WHAT NEEDS TO BE DONE: Start with the line that holds "小编调查后发现,《剑与远征启". Please copy it and each remaining line below exactly, leaving pictures out.

DATA:
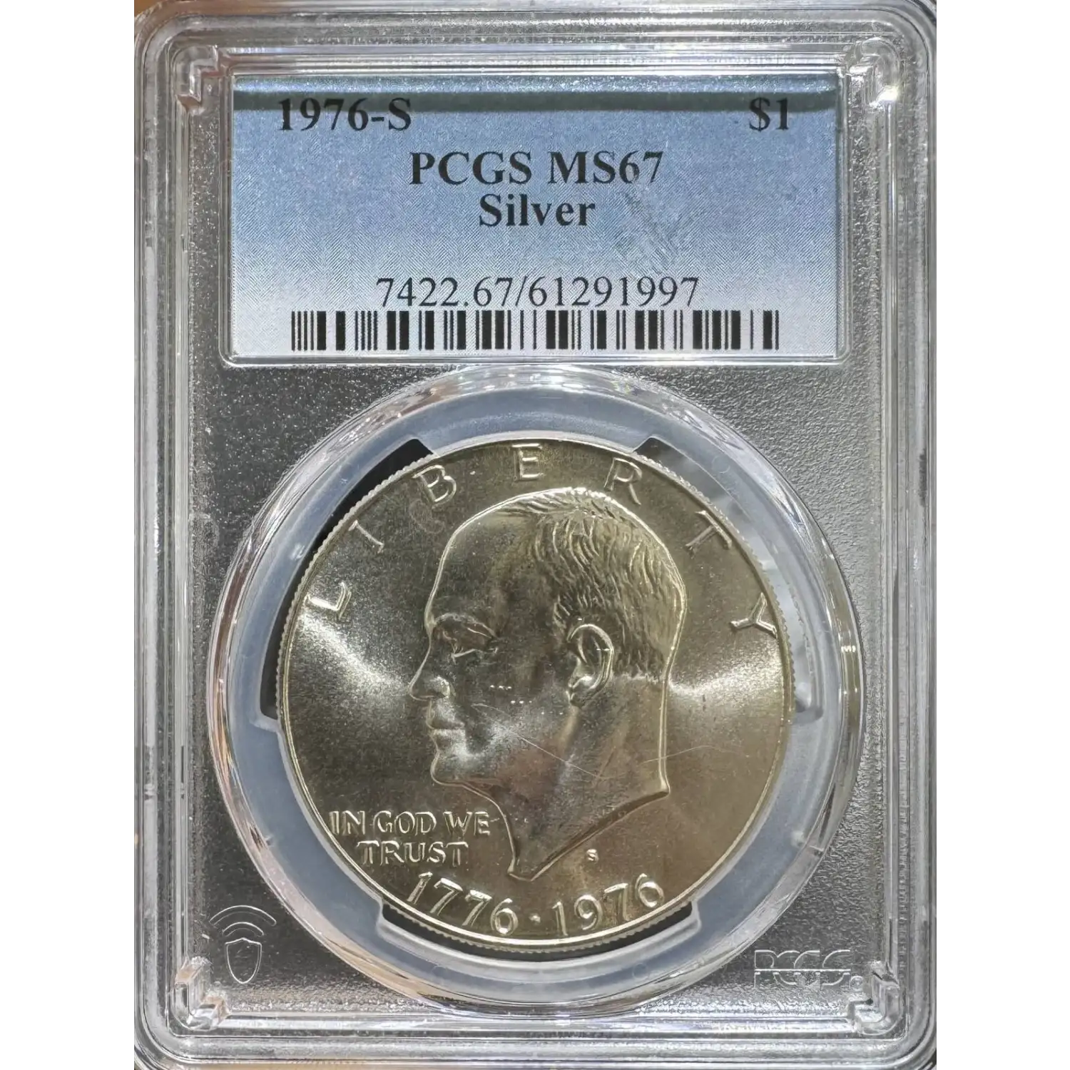 The 1976-S One Dollar is part of a series of Eisenhower dollar coins struck from 1976. The specific variety is Silver. Struck in San Francisco and designated as a Business (MS) strike, this coin is made of 40% silver; 60% copper from a mintage of 11,000,000 struck.
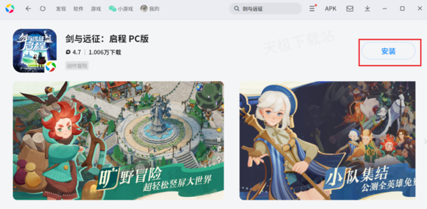 小编调查后发现,《剑与远征启程》PC端可以通过官方网站、腾讯应用宝、MuMu模拟器、雷电模拟器等平台正版下载。小编更推荐在官方网站或腾讯应用宝下载,官方网站能够提供安全的下载路径,适合单纯想体验此游戏的小伙伴,而腾讯应用宝不仅提供了安全的下载路径,还包含了其他丰富的正版手机游戏资源,并且对每款游戏都做了优化,保证游戏能够稳定流畅地运行。下面天极小编为大家介绍两种渠道的具体下载方法。
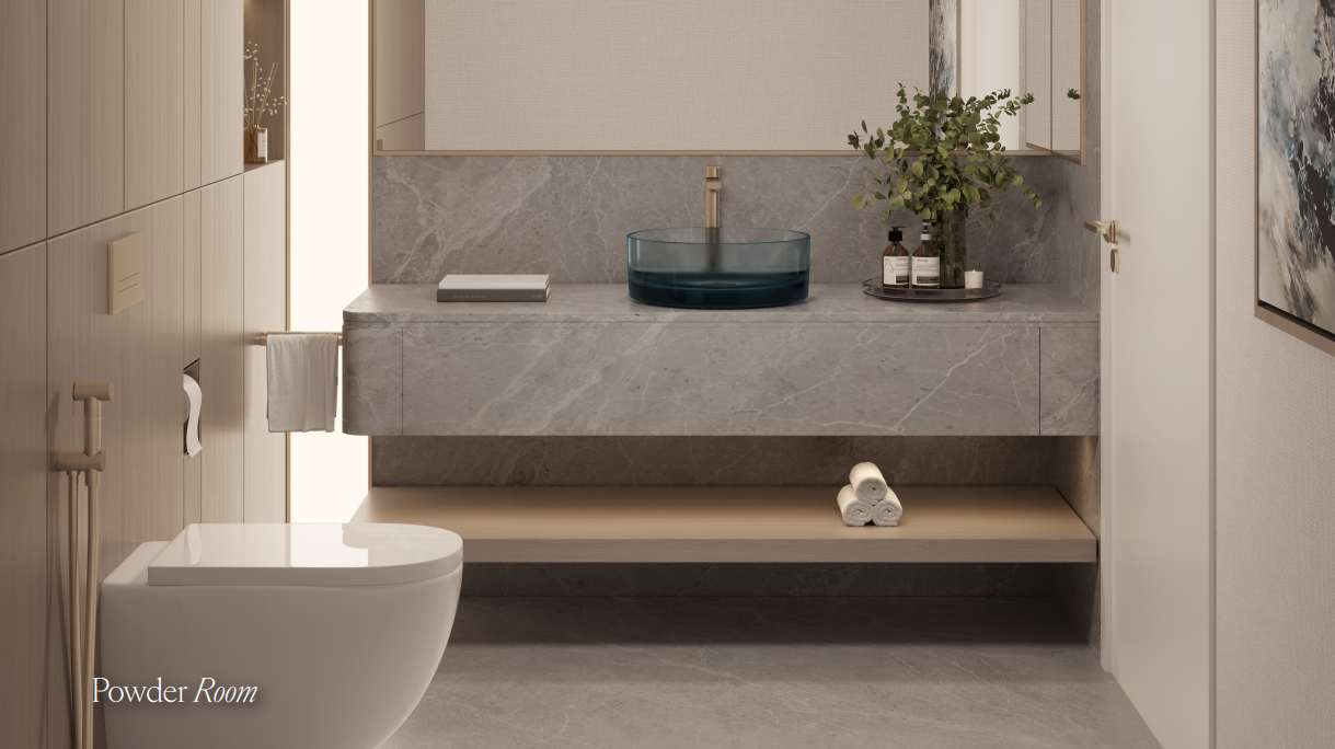 高級素材を使った上質な室内仕上げが特徴です。リビングルームはイタリア産大理石タイルと高品質の壁材で統一され、高級感あふれる空間になっています。天井高は3.5メートル以上の開放的な設計で、自然採光が十分に取り込めます。バスルームは大理石またはクォーツのカウンタートップ、デュアルシンク、レインシャワーヘッド、高級水栓など、ラグジュアリーな設備で完備されています。寝室の床には高級無垢材またはポーセリンタイルを使用し、快適さと耐久性を兼ね備えています。ドアや窓枠、階段などは上質な木材またはアルミニウムで製作され、モダンで美しい空間を実現しています。

SOLVED EXERCISE:
 小编调查后发现,《剑与远征启程》PC端可以通过官方网站、腾讯应用宝、MuMu模拟器、雷电模拟器等平台正版下载。小编更推荐在官方网站或腾讯应用宝下载,官方网站能够提供安全的下载路径,适合单纯想体验此游戏的小伙伴,而腾讯应用宝不仅提供了安全的下载路径,还包含了其他丰富的正版手机游戏资源,并且对每款游戏都做了优化,保证游戏能够稳定流畅地运行。下面天极小编为大家介绍两种渠道的具体下载方法。
 高級素材を使った上質な室内仕上げが特徴です。リビングルームはイタリア産大理石タイルと高品質の壁材で統一され、高級感あふれる空間になっています。天井高は3.5メートル以上の開放的な設計で、自然採光が十分に取り込めます。バスルームは大理石またはクォーツのカウンタートップ、デュアルシンク、レインシャワーヘッド、高級水栓など、ラグジュアリーな設備で完備されています。寝室の床には高級無垢材またはポーセリンタイルを使用し、快適さと耐久性を兼ね備えています。ドアや窓枠、階段などは上質な木材またはアルミニウムで製作され、モダンで美しい空間を実現しています。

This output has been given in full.